The popularity of autumn day trips continues to boom, and orchard owners keep adding attractions to make the trips more fun — and profitable. Corn mazes, hay rides and wine tastings seem to be sprouting as quickly as apple trees.

“Sometimes it’s petting zoos, sometimes it’s scarecrow building, sometimes it’s an apple doughnut stand, but it’s very much adding activities and family fun,” said Paul Hugunin, coordinator of the Minnesota Grown program at the Minnesota Department of Agriculture, of attractions the growers have added.

Ag officials welcome the trend for several reasons. One is the economic benefit it provides farmers. But they see benefits beyond that.
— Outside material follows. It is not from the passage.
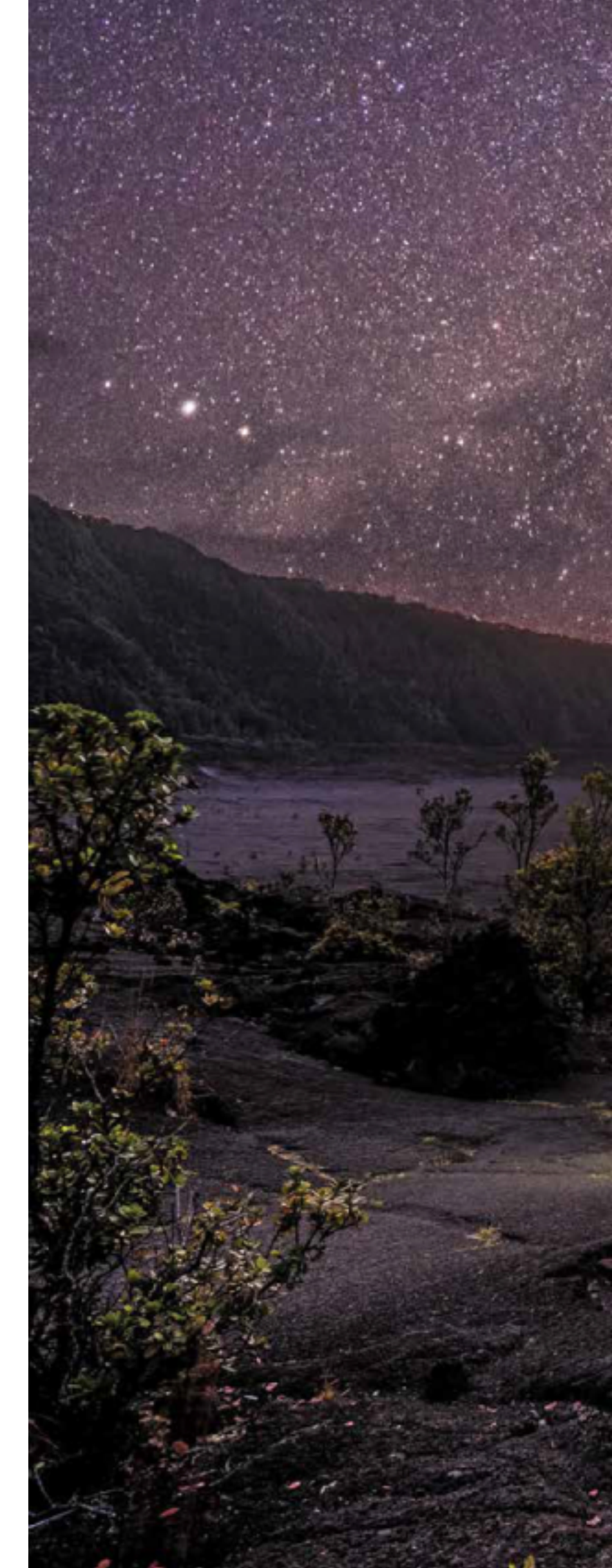
Stargazing in Hawai'i, one of the most popular destinations on my site.

I'm lucky that I met the love of my life at a campfire in Namibia and that we are starting a family. I know for sure that we will share our love of travel and adventures with our children, and I'll always feel glad that I took a leap of faith. I love the adventures that I get to have by myself, even though they're not so frequent these days, and that's totally fine with me. If the past 10 years have taught me anything, it's that it's never too late to take a leap of faith, and that there's almost always something better on the other side.

“It’s a subtle way for people to understand about agriculture and food and to introduce kids to food that’s good for them — fresh, healthy, off-the-farm food,” Hugunin said. “It’s a way for kids who didn’t grow up on farms to see that it’s not the grocery store that does these things.”

The Minnesota Grown directory contains a full list of orchards in the state, including 18 within 25 miles of St. Paul. It’s online at MinnesotaGrown.com.

At Johnson’s orchard, Whistling Well Farm in Afton, visitors have options beyond apples.

“We have mums, pumpkins, jams, jellies, and we have a big flock of chickens the kids can feed.

We have some turkeys and a donkey, too.”

One orchard in the region, Untiedt’s Vegetable Farm in Waverly, lost its entire apple crop last week in a severe hailstorm.

Johnson said Untiedt’s calamity “was an isolated incident. For the most part this summer, there’s been very little hail damage at the other orchards, from what I’ve heard.”

But there have been other obstacles. Last winter’s severe cold was tough on a few apple varieties, particularly Fireside trees.

Luby, the U fruit breeder, said weather stresses are a hard fact of life for growers.

“Some folks got hit hard by one thing or another, but the apples that are out there are really nice this year,” Luby said.

Minnesota doesn’t rank as a major apple-producing state. That title goes to Washington, followed by New York and Michigan.

Yet Minnesota’s apple orchards are expanding. And U fruit breeders are famed for successfully introducing a series of popular apple varieties, including Haralson, Zestar, SweeTango and Honeycrisp.

Said Hugunin, the state ag official: “It’s a testament to the U varieties that the vast majority came through the winter OK. Last year was a very, very cold winter, and it stayed cold a long time. Yet we have fresh apples in the state of Minnesota this fall.”